Капитан Пес подозвал Майсгрейва и велел привязать его к рулю.

– Не все потеряно, пока «Летучий» слушается руля, – проговорил он. – А там – как Господь рассудит.

Он огляделся. Паруса убрали и успели закрепить, на мачты наложили шкало, задраили все люки. Корабль словно стал меньше и в удушливой тьме казался облитым смолой.

Внезапно от неба до гребней волн протянулась кривая, ветвящаяся, ослепительная молния. Все вокруг озарилось мертвенным светом, и, едва он погас, грохнул такой гром, что казалось: его одного достаточно, чтобы расколоть корабль. Люди притихли, крепясь, по коже у них пробежал мороз. Море вздохнуло – и тут же страшный шквал с невиданной силой обрушился на корабль. Вновь загрохотал гром, и потоки дождя, гонимые ветром, смешались с волнами, хлеставшими через борт.

Майсгрейв был сухопутным человеком, и то, что он видел сейчас, вселяло в него такой ужас, какого ему никогда не приходилось испытывать. Огромные волны, превосходящие высотой мачты корабля, катились навстречу, били в борт с силой тарана, швыряли судно из стороны в сторону. В ушах стоял жуткий вой ветра. Воздух поистине стал плотнее воды, и люди задыхались. Вокруг были лишь вода и ветер, обрушивавшиеся с невероятной силой, поднимавшие корабль на дыбы и безжалостно швырявшие его в черные пропасти. На глазах у Майсгрейва несколько человек были смыты за борт исполинской волной. Он сам, наглотавшись соленой воды, удержался лишь чудом.

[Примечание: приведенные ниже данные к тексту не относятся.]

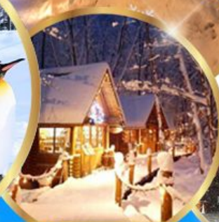
หมู่บ้านเทพนิยาย นิงเกิ้ลเทอเรส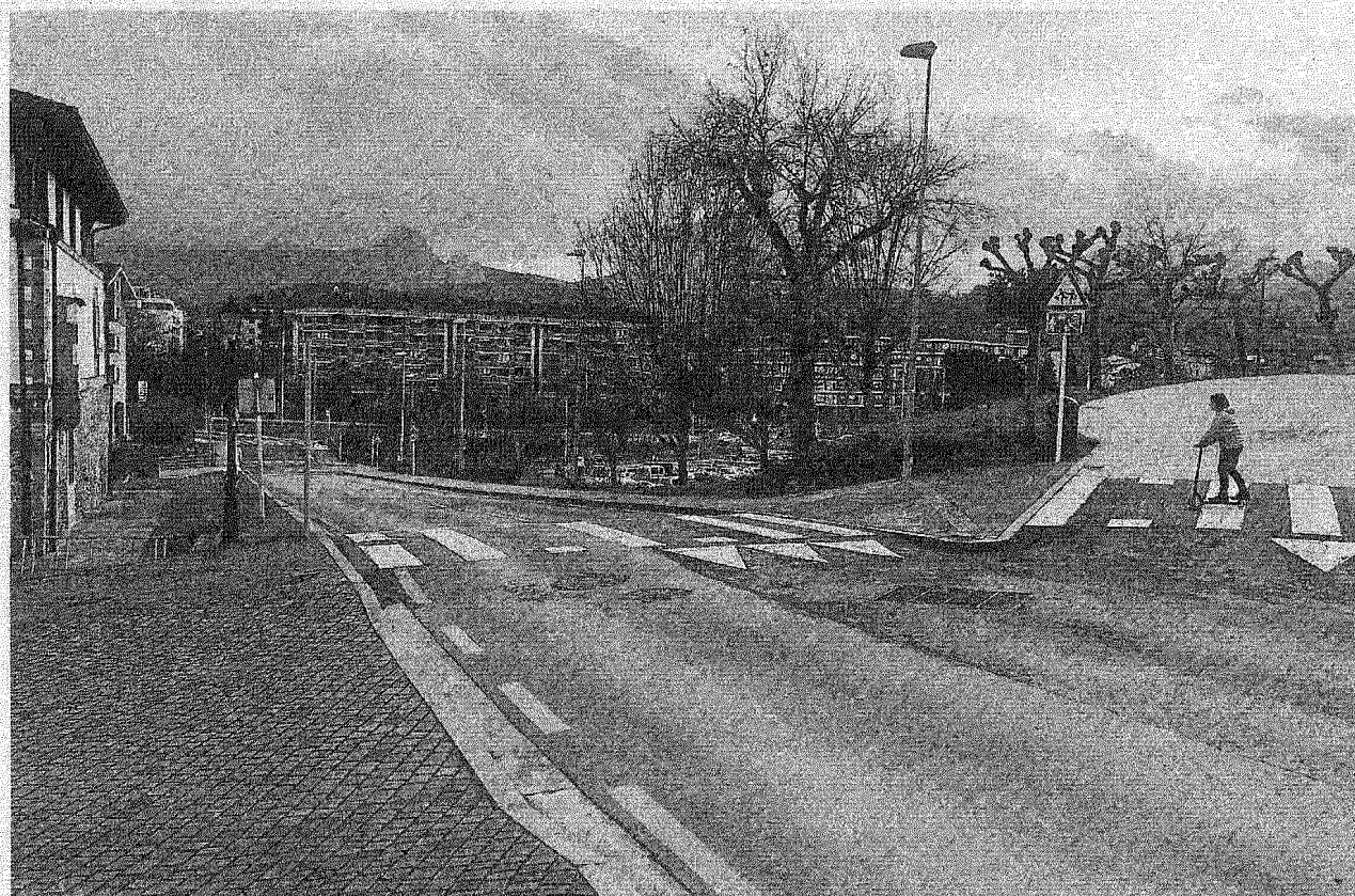
La intención del Ayuntamiento es adjudicar el proyecto este mes y ejecutarlo en febrero. Foto: K. Doyle

PARA FEBRERO El presupuesto económico del proyecto a ejecutar, que incluye pintura, señalización tanto horizontal como vertical y elementos de protección del carril, asciende a un total de 37.000 euros. En lo que a los plazos se refiere, desde la administración local "vamos a intentar adjudicarlo este mismo mes de enero y la intención es poder ejecutarlo en febrero", valoró Totorikaguena con esperanza de que se puedan cumplir los plazos previstos. — K. Doyle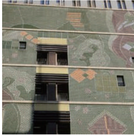
村野藤吾による丸栄百貨店の モザイク壁画 [名古屋市中区]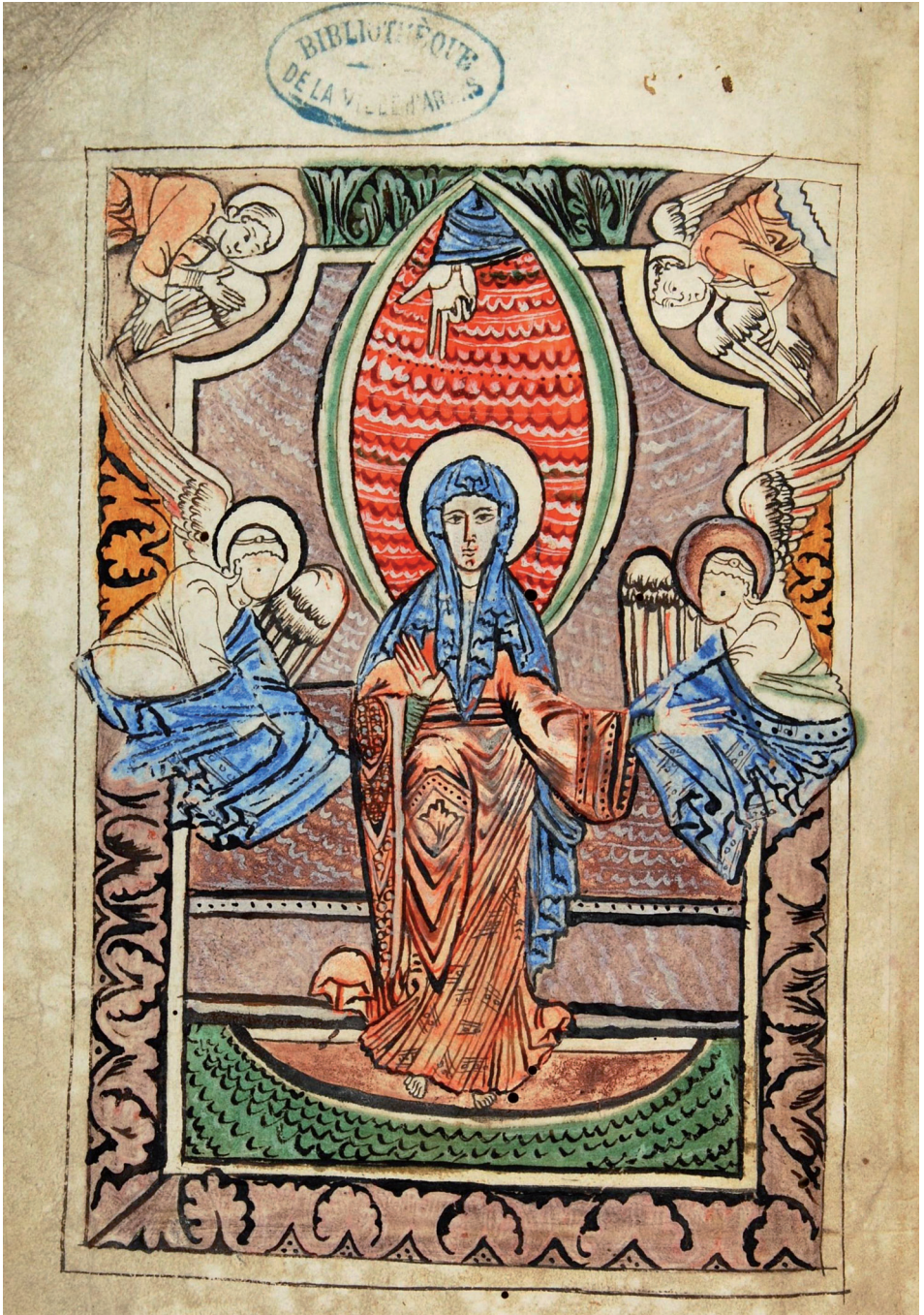
Fig. 6: Arras, Bibliothèque Municipale, ms. 732 [684], fol. 2v (Assomption de la Vierge).

И всему этому, похоже, не было конца. Море бурлило, как кипящий котел. Филип подумал об Анне. Ему следовало бы спуститься к ней, приободрить. Он попытался сделать это, но потоки воды не позволили ему добраться до люка. Рухнула одна из мачт, перекрыв вход в трюм. Из-под палубы долетело исступленное ржание Кумира.

Уже много часов корабль несся по ветру. Капитан Пес стоял у руля, не ведая, куда направляет корабль, но стараясь удерживать «Летучий» носом к волне. При вспышках молний он видел, что осталось от его некогда великолепной каравеллы. Был начисто снесен фальшборт, море смыло статую Богоматери, ванты были изодраны в клочья. Обе мачты были сломаны и последовали туда же, куда и спасательная шлюпка. От каюты в кормовой надстройке, где ранее размещалась Анна, не осталось и следа. Она была разрушена при падении мачты, и гигантские валы слизнули ее вместе со всем убранством. Но несмотря на это, капитан Пес продолжал вести корабль.

– Господи, спаси и помилуй нас! – бормотал капитан между громовыми раскатами. – Даю обет пожертвовать алмаз королевы на богоугодные дела, если…

Неожиданно он закричал, и глаза его расширились от ужаса. Прямо перед кораблем, упираясь в самое поднебесье, поднялся пенный гребень исполинской волны, которая неслась с ужасающей скоростью.

– Всем лечь на палубу и держаться!.. – успел прокричать Пес.

И тут же бешеные потоки с невероятной силой обрушились на корабль. Казалось, что его окончательно поглотила пучина. Все погрузилось в холодный, непроницаемый мрак. Когда же наконец жалкая скорлупка каким-то чудом выпрыгнула на поверхность, она была почти пуста. Лишь три человека, вцепившись в обрывки снастей, смогли удержаться на палубе, и одним из них был Майсгрейв.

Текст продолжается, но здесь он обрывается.